Some job opportunities are given to the younger Queens based on, to me, their age, looks and not necessarily their qualifications. Again, when competing with a younger counterpart factored with today’s technology, I believe, the advantage is definitely tilted to the younger Queens. I believe the treasures we possess are invaluable to our younger Queens, as well as, the world. To dismiss our presence is to deprive the world of essential nutrients needed to survive and to thrive vibrantly and brightly as a culture. The vivaciousness of a mature woman is priceless.
When a man reaches an age of maturity they are gifted with the title of Distinguished, an honorable title? When they are in May-December relationships they are cheered and patted on the back by society, praised for capturing a good-looking acquisition and is often observed as the “norm” for older men in mid-life crisis (that was a dagger being thrown, if you didn’t recognize it, lol). But when mature women are engaged in May-December relationships they are termed Cougars and society is eagerly awaiting and betting to see how long this will last. The term Cougar isn’t complimentary. When I think of a cougar, I imagine an animal that is on the prowl for weak, vulnerable prey. This term is not something that I would aspire to or desire to be called or labeled.
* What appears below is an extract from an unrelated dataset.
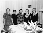 Saint Ann's Club charter members are (from left) Mrs. Richard Landis, Mrs. W. S. Baker, Mrs. J. D. Nelson, Mrs. C. J. Henrich and Mrs. H. R. Zimmerman. In the picture, the women are standing next to each other in front of a table with flowers center piece. They are in dresses and each wearing a large corsage.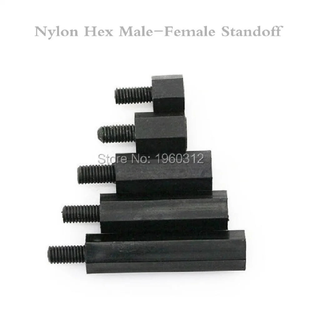 1000pcs Male To Female Thread M2/2.5/3/4*L + 6mm Black Plastic Nylon Hexagon Hex Standoff Spacer Pillars

This is an opportunity for open dialogue. I cherish my relations with my younger Queens. This Water Cooler Conversation has little to do with Us vs. Them. It is more to the point of a forgotten, invisible treasure that is struggling to be seen, heard, valued and respected. This is more to the point of the difficulties that we face to transition into this new Generation X culture without loosing our identity, uniqueness and the grace of our new-found coming into ourselves. Thank you, T. Marie for penning and drilling into me the analogy of the eagle. I choose not to fit in, for I am an eagle, that relish and cherish in soaring high above the rest but when you clip my wings to box me in because you are unsure of my purpose, you lose the opportunity for me to show you just how high you can go and to show you the visuals from heights that you have never imagined or fathomed before. The beauty and magnificence of eagles is to see the effortlessness of their soar as they glide through the heavens and the majestic spread of their wings. I am a woman of age, grace, and dignity. I no longer need to roar to be heard, but I whisper to draw you into my temple of serenity, tranquility, beauty, and peace.